■ WHAT YOU SHOULD DO
Take the lines below from the one with "党委副书记孙国胜、副校长沈季伟公布沁湖文化标识 杨佳伟摄" through the one with "柔らかパステルピンクのVネッ" and print only them, exactly. Don't print the pictures.

■ RECORDS FOR THIS EXERCISE
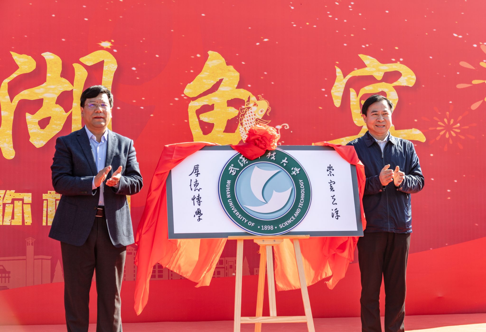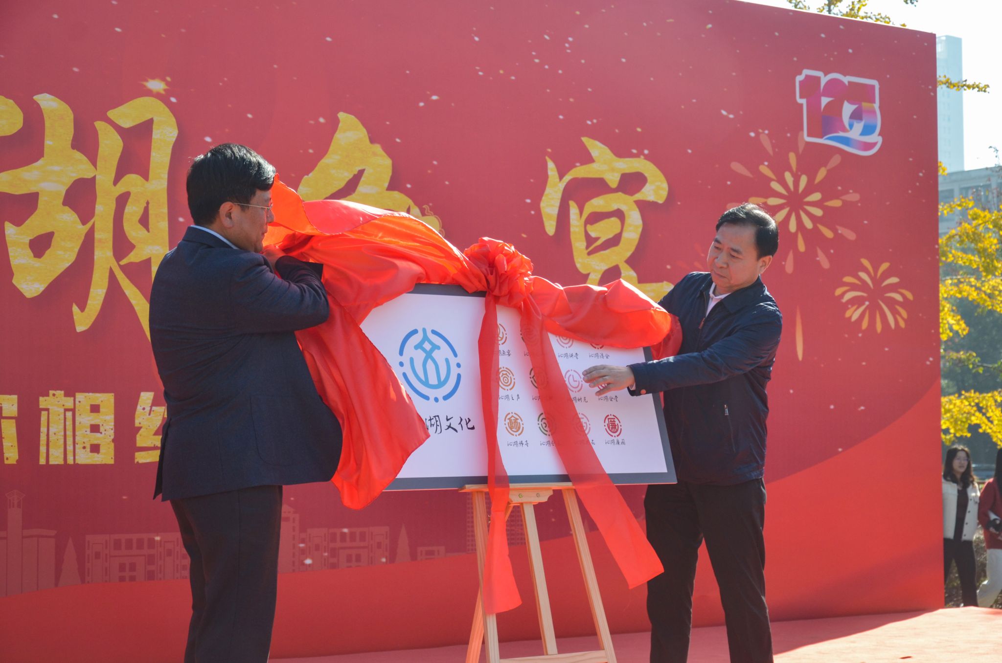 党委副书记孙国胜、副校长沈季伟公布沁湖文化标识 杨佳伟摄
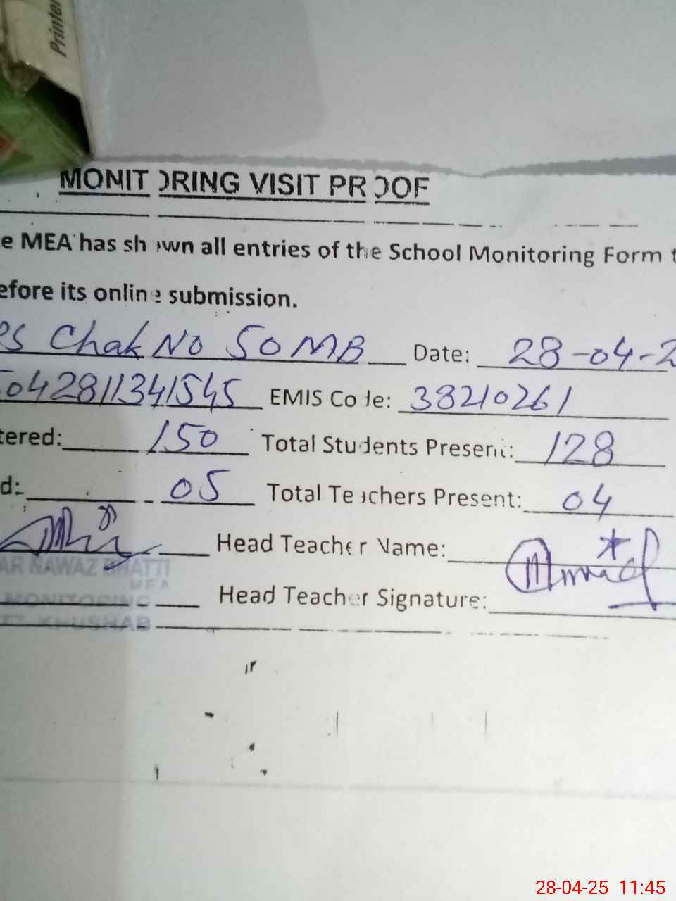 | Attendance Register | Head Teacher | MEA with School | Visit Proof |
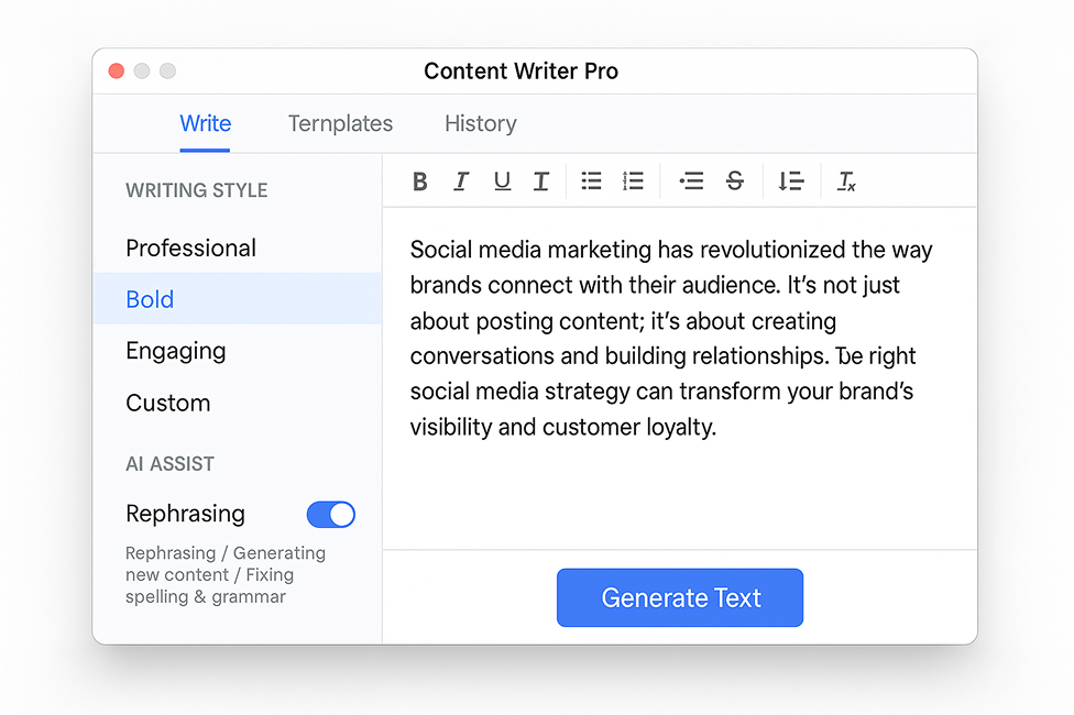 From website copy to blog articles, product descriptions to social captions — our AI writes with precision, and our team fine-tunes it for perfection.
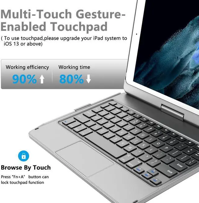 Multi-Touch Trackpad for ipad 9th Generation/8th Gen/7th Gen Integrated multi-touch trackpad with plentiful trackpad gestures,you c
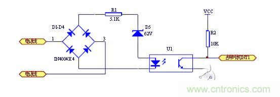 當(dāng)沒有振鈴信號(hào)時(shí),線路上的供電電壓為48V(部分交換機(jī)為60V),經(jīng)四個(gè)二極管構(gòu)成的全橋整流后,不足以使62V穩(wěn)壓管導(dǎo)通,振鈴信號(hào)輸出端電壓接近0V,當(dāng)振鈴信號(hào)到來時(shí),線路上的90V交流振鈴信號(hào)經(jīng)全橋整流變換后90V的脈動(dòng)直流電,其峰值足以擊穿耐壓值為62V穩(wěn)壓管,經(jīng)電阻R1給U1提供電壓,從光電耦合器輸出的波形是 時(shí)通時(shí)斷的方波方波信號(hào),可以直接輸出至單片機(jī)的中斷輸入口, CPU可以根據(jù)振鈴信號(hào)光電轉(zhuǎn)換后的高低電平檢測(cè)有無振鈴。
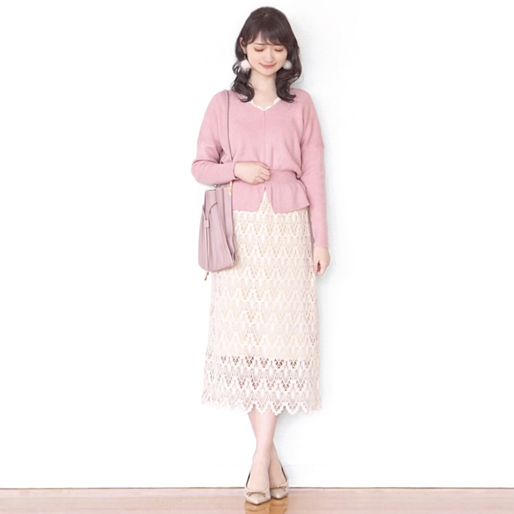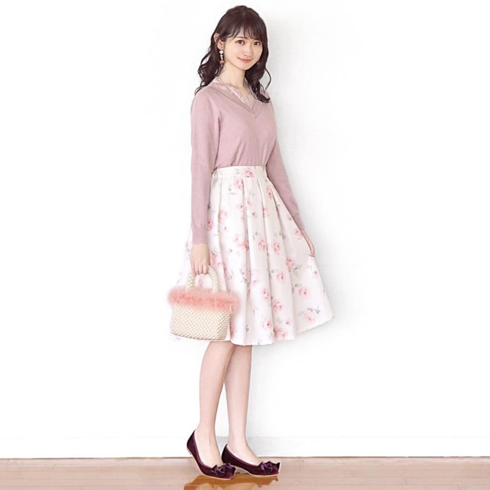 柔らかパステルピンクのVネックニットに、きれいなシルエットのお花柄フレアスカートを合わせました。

==

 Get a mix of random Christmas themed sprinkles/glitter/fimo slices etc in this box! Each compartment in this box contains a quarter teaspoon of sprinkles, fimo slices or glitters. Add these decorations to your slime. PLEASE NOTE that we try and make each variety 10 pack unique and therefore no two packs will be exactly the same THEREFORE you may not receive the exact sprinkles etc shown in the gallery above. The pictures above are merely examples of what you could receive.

* * *

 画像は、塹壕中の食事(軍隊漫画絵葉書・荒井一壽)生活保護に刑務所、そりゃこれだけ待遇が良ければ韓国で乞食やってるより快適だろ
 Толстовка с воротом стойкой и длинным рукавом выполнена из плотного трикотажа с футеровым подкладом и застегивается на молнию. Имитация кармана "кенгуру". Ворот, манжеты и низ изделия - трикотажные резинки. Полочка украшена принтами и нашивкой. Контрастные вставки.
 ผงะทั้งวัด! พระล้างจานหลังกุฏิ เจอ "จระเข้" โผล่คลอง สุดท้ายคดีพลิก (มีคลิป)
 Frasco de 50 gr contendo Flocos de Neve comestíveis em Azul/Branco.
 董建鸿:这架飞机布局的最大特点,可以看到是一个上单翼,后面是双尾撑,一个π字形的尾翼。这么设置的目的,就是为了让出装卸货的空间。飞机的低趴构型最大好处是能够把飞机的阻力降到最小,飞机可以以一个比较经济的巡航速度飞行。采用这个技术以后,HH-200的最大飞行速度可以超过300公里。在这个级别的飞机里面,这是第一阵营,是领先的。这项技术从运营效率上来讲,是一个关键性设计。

■ RESULT
 党委副书记孙国胜、副校长沈季伟公布沁湖文化标识 杨佳伟摄
 | Attendance Register | Head Teacher | MEA with School | Visit Proof |
 From website copy to blog articles, product descriptions to social captions — our AI writes with precision, and our team fine-tunes it for perfection.
 Multi-Touch Trackpad for ipad 9th Generation/8th Gen/7th Gen Integrated multi-touch trackpad with plentiful trackpad gestures,you c
 當(dāng)沒有振鈴信號(hào)時(shí),線路上的供電電壓為48V(部分交換機(jī)為60V),經(jīng)四個(gè)二極管構(gòu)成的全橋整流后,不足以使62V穩(wěn)壓管導(dǎo)通,振鈴信號(hào)輸出端電壓接近0V,當(dāng)振鈴信號(hào)到來時(shí),線路上的90V交流振鈴信號(hào)經(jīng)全橋整流變換后90V的脈動(dòng)直流電,其峰值足以擊穿耐壓值為62V穩(wěn)壓管,經(jīng)電阻R1給U1提供電壓,從光電耦合器輸出的波形是 時(shí)通時(shí)斷的方波方波信號(hào),可以直接輸出至單片機(jī)的中斷輸入口, CPU可以根據(jù)振鈴信號(hào)光電轉(zhuǎn)換后的高低電平檢測(cè)有無振鈴。
 柔らかパステルピンクのVネックニットに、きれいなシルエットのお花柄フレアスカートを合わせました。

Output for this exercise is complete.